To this observer, that spirit manifests in a rising sense of belief that the footballing quality was there to win with style rather than ‘engineering’ a victory through any single method. It comes through in a willingness to try something special; whether that was Oisín Kiernan’s two-pointer, or Ciarán Brady being chased down by two Mayo tacklers, running the wrong way and with no pass on, coming up with a sensational change of direction that sent both befuddled westerners to the shops.
As the Arva man just put his head up and played on as if this was the most natural thing in the world for the a man to do in his own corner-back sector, it was hard not to think of Damien O’Reilly’s (Cormac’s Dad) hooked volley for a point against Donegal in 1992, and how it would take a bit of Cavan-ness to even think of doing it.
Of course the problem with Offaly-ness, Cavan-ness, Mayo-ness, and all the other nesses that make up the personalities of these magically arbitrary and yet oh-so fundamental things we call counties, is that there is the good and the bad. It was written of the Offaly hurlers once that if you said they had absolutely no good forward in the team, nothing there from jerseys 10-15, then the next game out, just to make an ape of you, they’d hurl so bad that it was like they were proving that they had nothing from jerseys one to nine either.

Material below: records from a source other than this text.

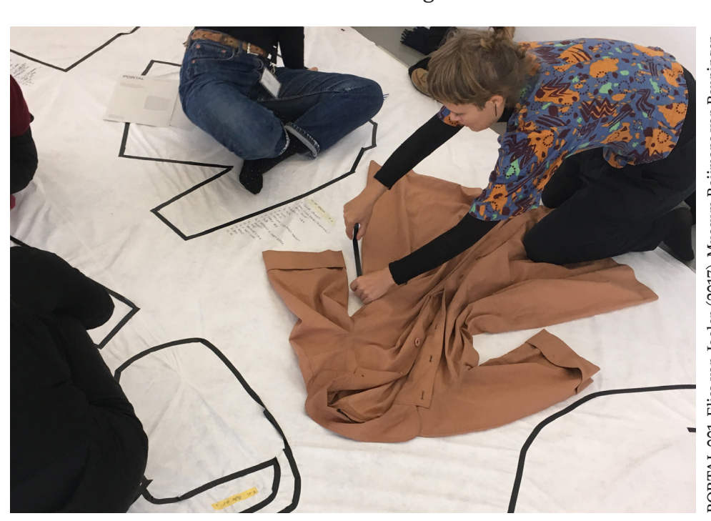
PORTAL 001, Elisa van Joolen (2017). Museum Boijmans van Beuningen, Rotterdam, The Netherlands.

Interpretations of the data were published in a booklet. This contained texts exploring, for instance, the different—monetary, emotional, social—values people attached to their garment in relation to their age, how frequently they wore the item, or when and where it was bought. Indexes and diagrams support the texts; some are pretty straight forward, mimicking the traditional bar graph or pie chart, others are more of a visual experiment, creating a whole new image to be decoded.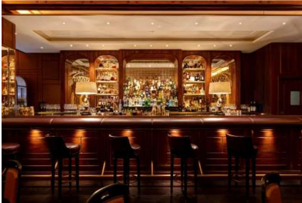
Le Bar Américain of Hôtel de Paris Monte-Carlo

The legendary Bar Américain unveiled its new look in summer 2018. With new interiors created by David Collins Studio, the design elegantly combines the bar's traditional features with new elements that revive its personality. The walls are lined with amber and burgundy-coloured silk, subtly framed by rosewood, with new leather furniture in tones to match the walls creating an immediately welcoming environment. A marble floor mosaic and deep-pile rugs create a cosy and calming atmosphere, providing a glamorous daytime and night-time setting, thanks to soft, warm lighting.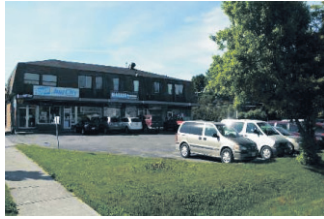
3 OFFICES IN GREAT LOCATION $11.00/SQ.FT. briansnow.org W2143340/W2143318/W2143338 11-305-90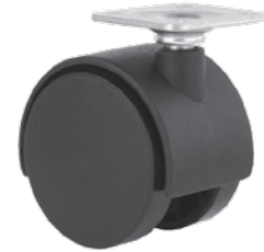
2TW5000005 50 MM, Hooded Top Plate: 1.5" x 1.5" Nylon, Bulk Pack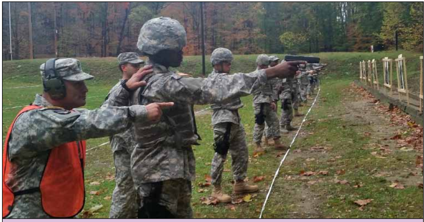
A rotation of New York's Joint Task Force-Empire Shield Soldiers fire at Camp Smith's 9mm pistol range on October 23, 2014. The Soldiers practice their shooting skills quarterly with police-style Glocks rather than the Army issued M-9.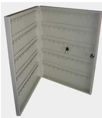
Key Cabinet 100 Keys Item Code: VM-CK100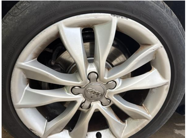
4: Wheel nsf Scratched Over 50mm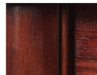
Red/Brown Solid Timber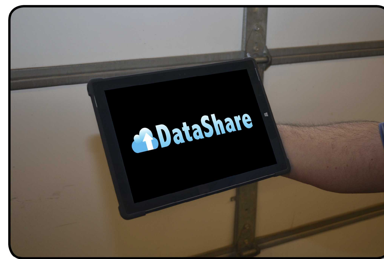
Working point data sharing services application.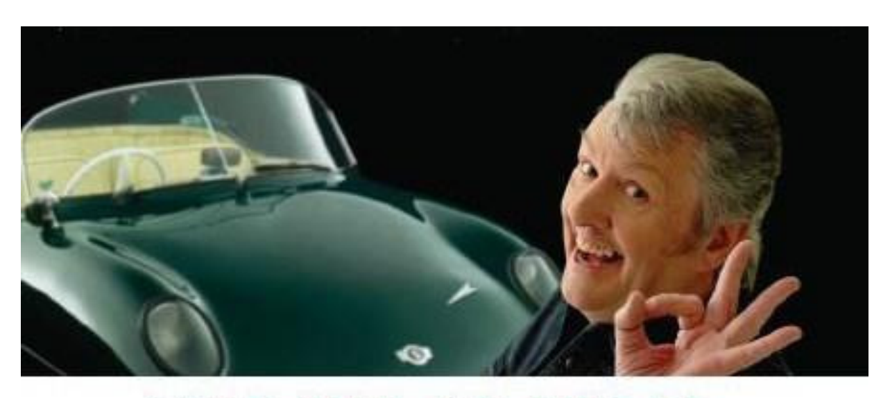
"SHE WAS SO SWEET, SO PERFECT. STILL IS."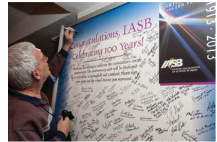
The IASB Information Room reflected an anniversary atmosphere with a mural and greeting cards.

On Friday, Saturday and Sunday, the IASB bookstore offered a variety of Centennial commemorative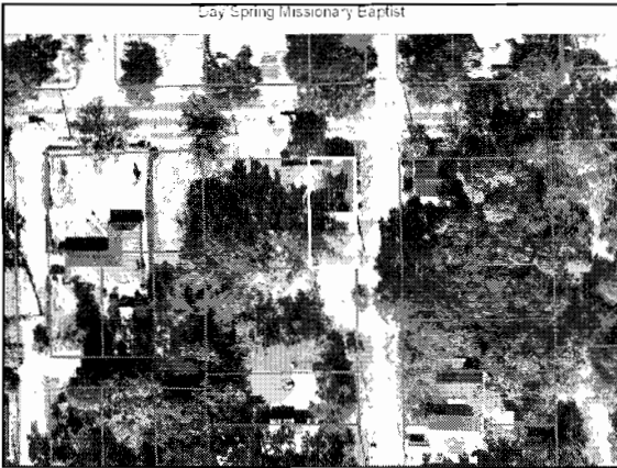
Day Spring Missionary Baptist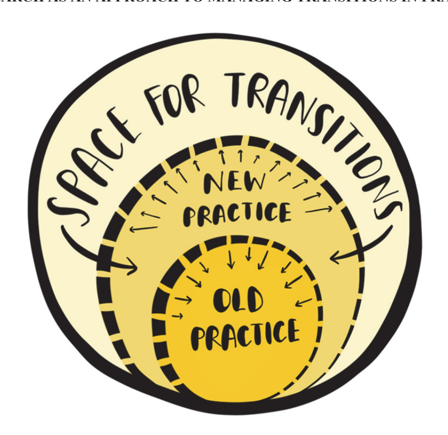
FIGURE 6 CURATING SPACE FOR TRANSITION DESIGN BY ENVELOPING THE OLD WITH THE NEW: THIS DRAFT MODELLING CONCEPT IS BEING EXPLORED WITHIN MY PHD RESEARCH AS AN APPROACH TO MANAGING TRANSITIONS IN PRACTICE

The funding balancing-act is currently being explored through Flourishing Fleurieu, where a number of local circular economy food and farming innovation projects form part of the vision for this community. The short-term aim is to open a food hub that is supported by region-specific social enterprises that can decrease the food hub's reliance on funding through grants. Curation has permitted space for this exploration to occur in the hopes that documenting this community-based work may also provide valuable insights into financing transitions.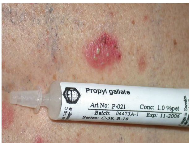
Figure 8 Positive reaction in the patch test with propyl galate.

agents in cosmetics. Some of the more recently identified compounds include dicaprylyl maleate, 23,67 cocamidopropyl betaine (CAPB), 23,64,76,77 ethylhexylglycerin, 23,78 bisdiglyceryl polyacyladipate-2, 79,80 octyldodecyl xyloside, 81 pentylene glycol, 23,82 isononyl isononanoate and trioleyl phosphate, 23,83 kerosene 84 dithiocarbamates, 85 tetrahydroxypropyl ethylenediamine, 86 and copolymers such as C30-38 olefin/isopropyl maleate/maleic anhydride. 87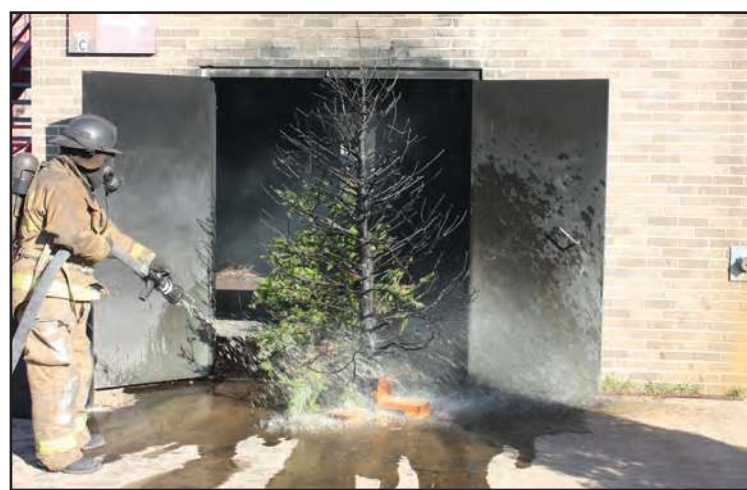
Live Burn Demonstration of a Christmas Tree

and properly. Do not leave it in a garage, on a porch or at the side of a house. A dried out tree is highly flammable and can still cause major damage from these locations. Check with your local community for a recycling program or other disposal options. In addition to the Christmas tree, holiday lighting represents another major fire hazard but, again, simple steps can greatly reduce the risk. • Always make sure your lights have the label of an independent testing laboratory such as Underwriters Laboratories (UL). Such organizations carefully test products to ensure safety and reliability. • Replace any lights with worn or broken cords or loose bulb connections. These are hazards that can ignite a fire. • Avoid stringing together too many strands of lights. In general, that means no more than 3 strands of mini lights or 50 screw-in bulbs but remember that LED lighting can burn hotter and may have greater restrictions. Check the manu-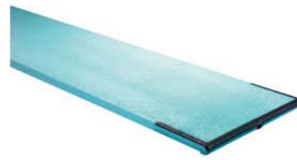
DURAFLEX 14 ft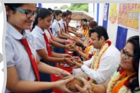
Paying respect of Gurujans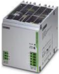
Primary-switched TRIO POWER power supply for DIN rail mounting, input: 1-phase, output: 48 V DC/10 A

Please be informed that the data shown in this PDF Document is generated from our Online Catalog. Please find the complete data in the user's documentation. Our General Terms of Use for Downloads are valid ( http://phoenixcontact.com/download )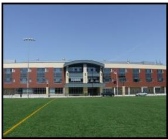
Auburn High School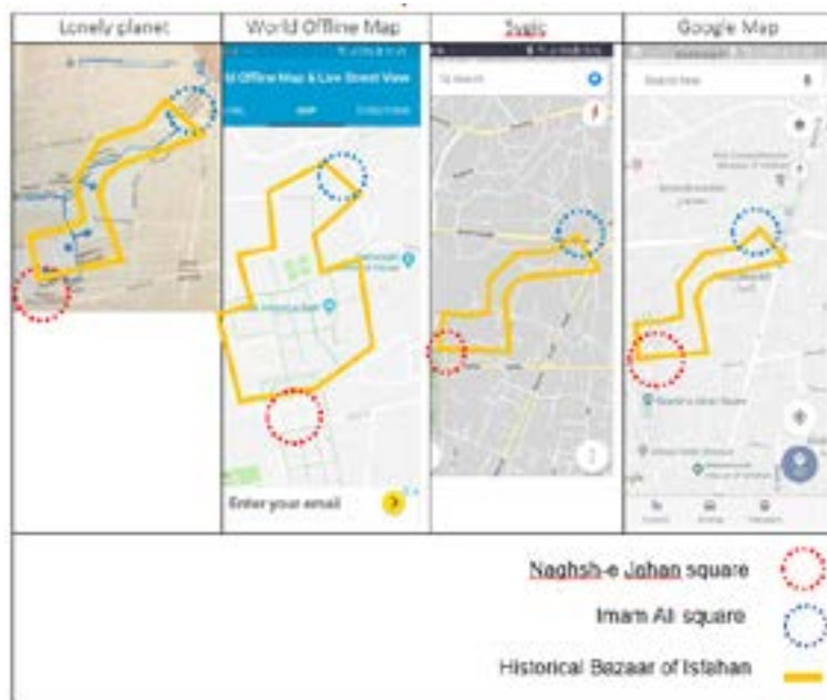
Table no.2: introducing some maps and their details which present about Historical Bazaar of Isfahan

In the following, the level of detail introduced by the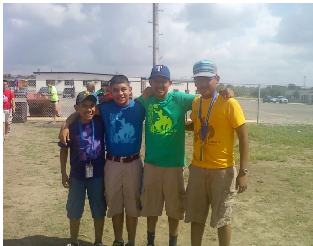
Leadership LAB participants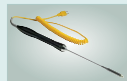
881602 surface probe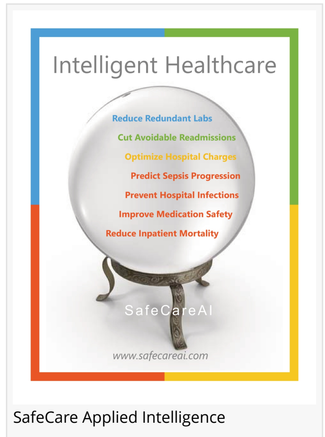
SafeCare Applied Intelligence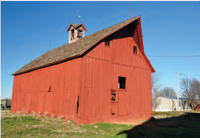
Louis Geischen Horse Barn, near Orlando

The places that tell the stories of Oklahoma's people are found across the landscape and are documented in the Oklahoma Landmarks Inventory (OLI) and the National Register of Historic Places (NHRP). Through its long-standing partnership with Oklahoma State University (OSU), the State Historic Preservation Office (SHPO) will begin two survey projects this fall to add to our collection of these important resources, and the work will be completed by September 2014.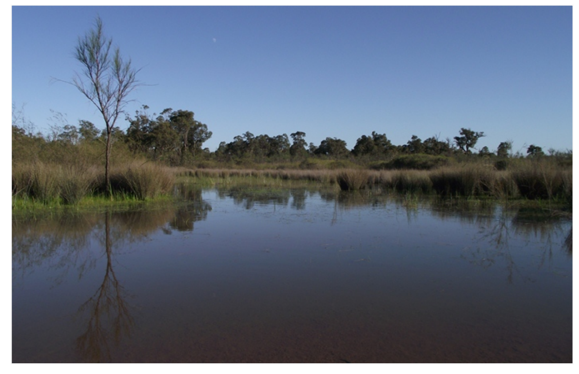
Figure 5: Brixton Street Wetlands in winter

The BSW (Figure 5) is spread over 0.19 square kilometres and is of outstanding botanical significance. As a seasonal wetland, BSW has higher species richness compared to permanent wetlands in Perth. It is home to more than 300 species of plants—equivalent to more than 20% of Perth's flora in only 0.005% of its total area (Phillimore, 2003).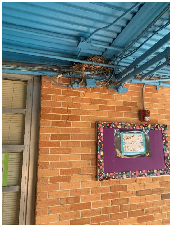
School noted many issues with pests/vermin.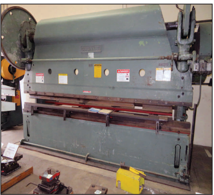
Cincinnati 12' x 90 Ton Press Brake

For more Information, visit our website: www.tauberaronsinc.com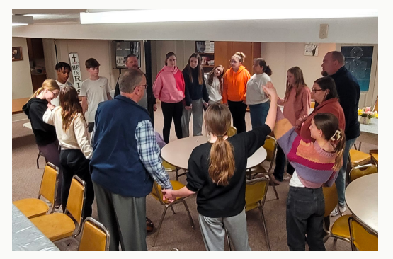
The 316 Group gathered for food, fellowship, and sharing the word of God with area youth!

Acts 8:26-40, Psalm 150:1-6, 1 John 4:1-11, 12-21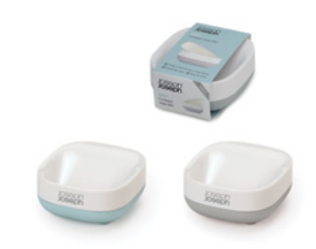
Slim<sup>™</sup> Compact Soap Dish (70502) Blue (70511) Grey Dimensions D7.1 x D8.4 x H3.6 cm (H3¼ x W2¾ x D1½ inches)

Slim<sup>™</sup> Compact soap dish Wash and dry by hand.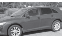
TOYOTA 2011 VENZA LE 4 cyl. AT, FWD, 30 mpg, like new cond., very little winter use, 44,700 miles. $17,900. 207-234-2134 or 207-356-2158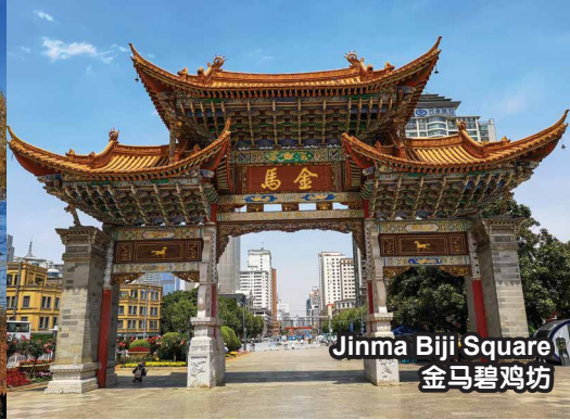
Jinma Biji Square 金马碧鸡坊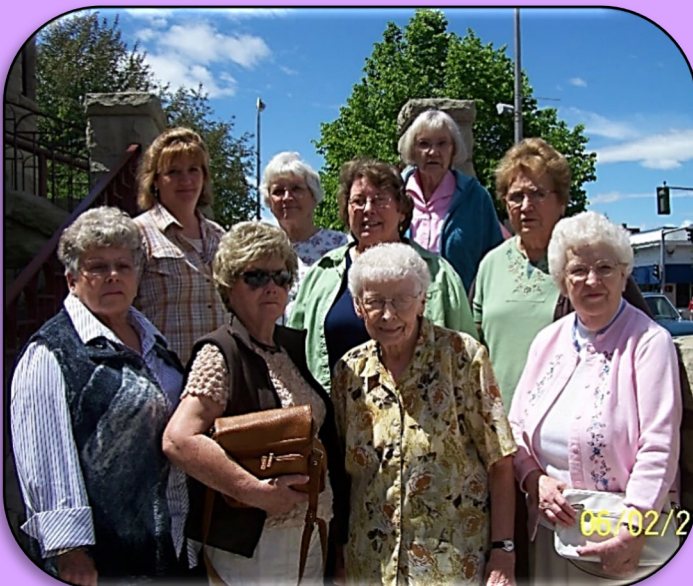
Flatwillow Homemakers at the Western Heritage Center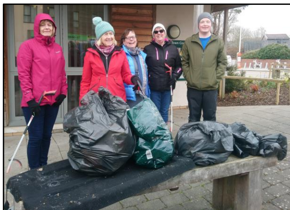
▲ Some of our litter-picking volunteers in action.

The Town Council celebrates the Citizen Award in recognition of outstanding local achievements every year. Congratulations to the well-deserving winner!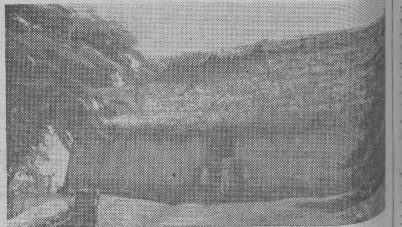
"WORLD'S LARGEST TREE"

Likewise with Cavan, that tendency to land a punch out of nowhere hasn’t always been matched by the ability to build on a strong foundation and reach even greater heights. Particularly when a Tyrone team is anywhere on the horizon. But that’s a concern for another day.
First up is Donegal, a side widely-regarded as the best-coached team in Ireland. Their methods, their physicality and athleticism, all of those qualities are abundant and impressive. Other counties would be beaten before they start.
But with a healthy dollop of Cavan-ness clearly coursing through this Breffni side’s veins, that shouldn’t be the case here.